2017 referandumundan bu yana seçim güvenliği ve adil seçim
yarışına yönelik eskiden beri var olan kısmi endişenin toplum
geneline yayıldığı ve giderek kesinleşmiş kanaate dönüştüğü seçmen
ruh haliyle ilerliyoruz seçim sürecinde. Seçim yarışının adil
olmayacağına yönelik kesinleşmiş kanaatin yaygınlığı elbette
yaşananlara, iktidarın yaptıklarına, başta son seçim kanunu olmak
üzere olgulara dayanıyor. Diğer yandan sandık güvenliği de son
referandumda su götürmez biçimde YSK’nin emanında değil artık. Oysa
61 Anayasasından bu yana en kritik, en kaotik siyasal ortamda
gidilen seçimler sırasında bile seçmen genelinin Yüksek Seçim
Kuruluna duyduğu güven yüksekti. Arada mükerrer oy kullanımı
gerçekleştiğinden de kimsenin şüphesi olmazdı ama seçim sonucunu
değiştirecek boyuta çıkmayacağına güvenilirdi. YSK, sandık
demokrasisinin en güvenli kurumuydu. Eh, bizde demokrasi hiçbir
zaman sandıktan öteye gitmediği içindir ki demokrasinin varlığı ve
gücü YSK’nin güvenilirliğiyle ölçülürdü. Şimdi YSK’ye, il, ilçe
seçim kurullarına duyulan güvensizlik nedeniyle sandığa giren oyun
listelere aynıyla geçeceğine dair inancı yüksek seçmen bulmak
zor.
Sandık güvenliğinden ibaret olmayan seçim güvenliği konusu,
Rusya’nın müdahalesi ihtimalini bile hatırda tutmayı gerektiren pek
çok iç dış etkene bağlı. Şüphesiz etkenlerin en başında gelen
sistemin ta kendisi. Ucube sistemin tasarlandığı, anayasa
taslağının ortaya çıktığı ilk andan itibaren aklı başından herkesin
dikkat çektiği konuların başında seçim güvenliği ve adil demokratik
seçim şansımızı yok edeceğine dair endişeler hatırdadır. Nitekim
sistemin ilk sınavı olan 2019 yerel seçimlerinde endişelerin
haklılık payı ortaya çıkmıştı. Muhalefet adaylarının
düşmanlaştırıldığı kampanya süreci bir yana oy verme ve sayım
aşamasında YSK’nin verdiği, iktidarın bir dediğini ikiletmeyip
anında yerine getiren kararları, ülkede hukukun değil Erdoğan’ın
üstünlüğüne dayalı sistemi iyice görünür kılmıştı. Peki ya sonuç:
Erdoğan ilk siyasi yenilgisini son yerel seçimlerde aldı. 13 bin oy
farkını yetersiz gören Erdoğan’ın baskısına direnemeyip seçimlerin
tekrarlanmasına karar veren YSK ve iktidar, oyuna sahip çıkmanın
ötesine geçen bir seçmen iradesiyle tanıştı. 13 bini “kuşkulu”

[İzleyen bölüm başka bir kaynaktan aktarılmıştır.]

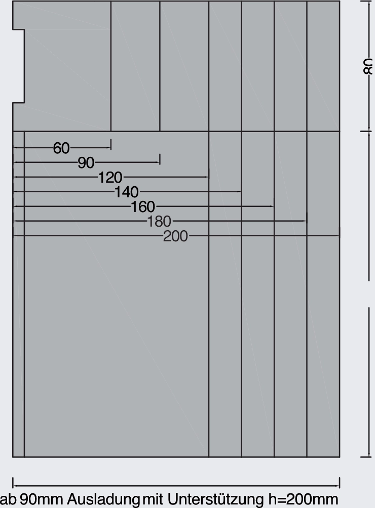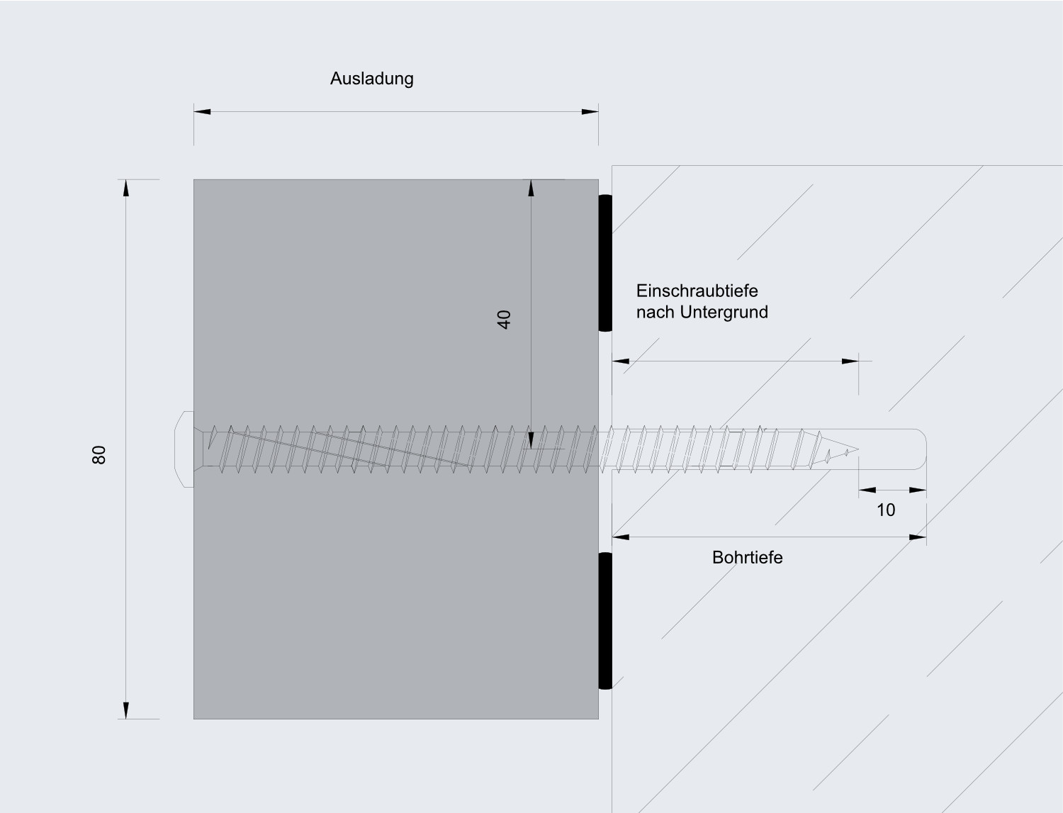 È necessario utilizzare una staffa (versione 3) se la sporgenza del profilo conforme al clima è > 100 mm. Le singole forze di contatto nei punti di fissaggio possono essere determinate utilizzando il calcolatore di fissaggio COMPACFOAM. Ci contatti per ricevere il suo dimensionamento personalizzato.

bulanlara 800 bin oy farkını veren bir seçmen iradesi var bu
ülkede. Ve siyasi tarihimizde, yerel seçim sonuçlarının bir sonraki
genel seçim sonuçlarındaki belirleyici rolü de hemen hemen hiç
şaşmadı. Seçmen eğilimi değişimden yana buna kuşku yok. Başlığa
taşıdığım üzere sandık, YSK’den çok seçmen iradesine emanet. Ancak
hem tercihte hem oyları korumada uyanık olmak şartıyla. Çünkü
seçmenin bir oyu iktidarın binbir oyunu var.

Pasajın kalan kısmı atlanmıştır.